Temps de déplacement du salarié itinérant entre son domicile et les sites des premiers et derniers clients : la Cour de cassation s’aligne sur la jurisprudence de la CJUE

La qualification du temps de déplacement des salariés itinérants soulève des questions en termes de temps de travail. Dans l’arrêt Tyco rendu en 2015, la Cour de justice de l’Union européenne (CJUE) a jugé au visa de l’article 2 de la directive 2003/88 du 4 novembre 2003 que, lorsque « les travailleurs n’ont pas de lieu de travail fixe ou habituel, constitue du « temps de travail », au sens de cette directive, le temps de déplacement que ces travailleurs consacrent aux déplacements quotidiens entre leur domicile et les sites des premiers et derniers clients désignés par l’employeur »  (CJUE, 10 sept. 2015, nº C-266/14, Tyco).

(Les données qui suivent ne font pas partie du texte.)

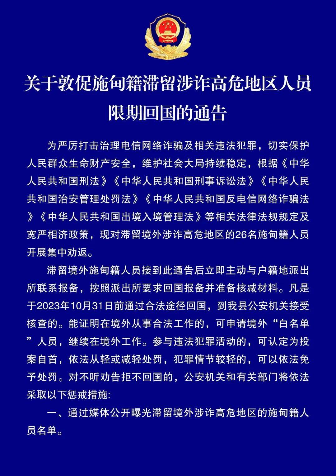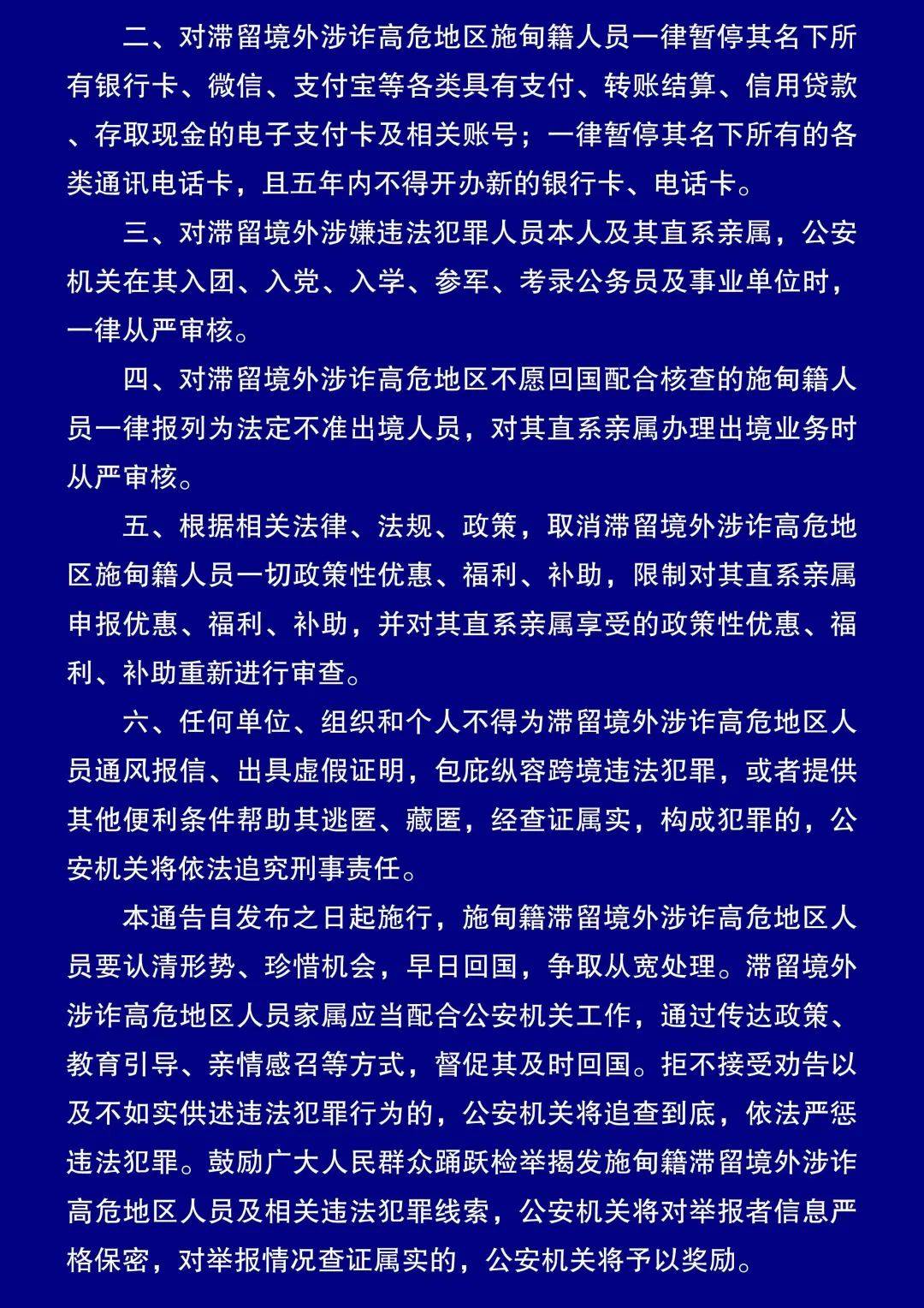 涉诈高危地区人员限期回国的通告

Cependant, la Cour de cassation considérait que, dans les cas où le temps de déplacement entre le domicile et les sites du premier et du dernier clients dépassait le temps normal de trajet, il n’y avait pas lieu de requalifier le temps de déplacement en temps de travail effectif et d’attribuer le paiement d’heures supplémentaires, dès lors que le salarié avait pu bénéficier des contreparties exigées à l’article L. 3121-4 du Code du travail, (Cass. soc., 30 mai 2018, n° 16-20.634).

Dans son arrêt du 23 novembre 2022, sous la pression du droit européen, la Cour de cassation opère un revirement de jurisprudence et procède à une interprétation conforme du droit social national au droit européen.

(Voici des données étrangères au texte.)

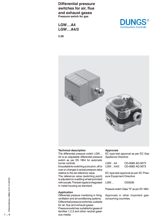 Công tắc áp suất gas LGW...A4 , LGW...A4/2-DUNGS

La Cour juge que le temps de déplacement d’un salarié itinérant entre son domicile et les sites des premiers et derniers clients peut constituer du temps de travail effectif, si le salarié est à la disposition de l’employeur et se conforme à ses directives, sans pouvoir vaquer à des occupations personnelles.

En l’espèce, le salarié exerçait ses fonctions commerciales habituelles à l’aide de son kit main libre au cours de ses trajets avec le véhicule mis à sa disposition par l’employeur. Il utilisait ce temps de trajet pour fixer des rendez-vous, appeler et répondre à ses divers interlocuteurs professionnels, sans que ces temps ne soient rémunérés.

En conséquence, le degré de dépendance et de sujétions du salarié pendant le temps de déplacement suffisait à lui seul à caractériser le travail effectif au sens de l’article L. 3121-1 du Code du travail. Ce temps de travail effectif peut entrer dans le décompte des heures supplémentaires (Cass. soc., 23 novembre 2022, n° 20-21.924 FP-B+R).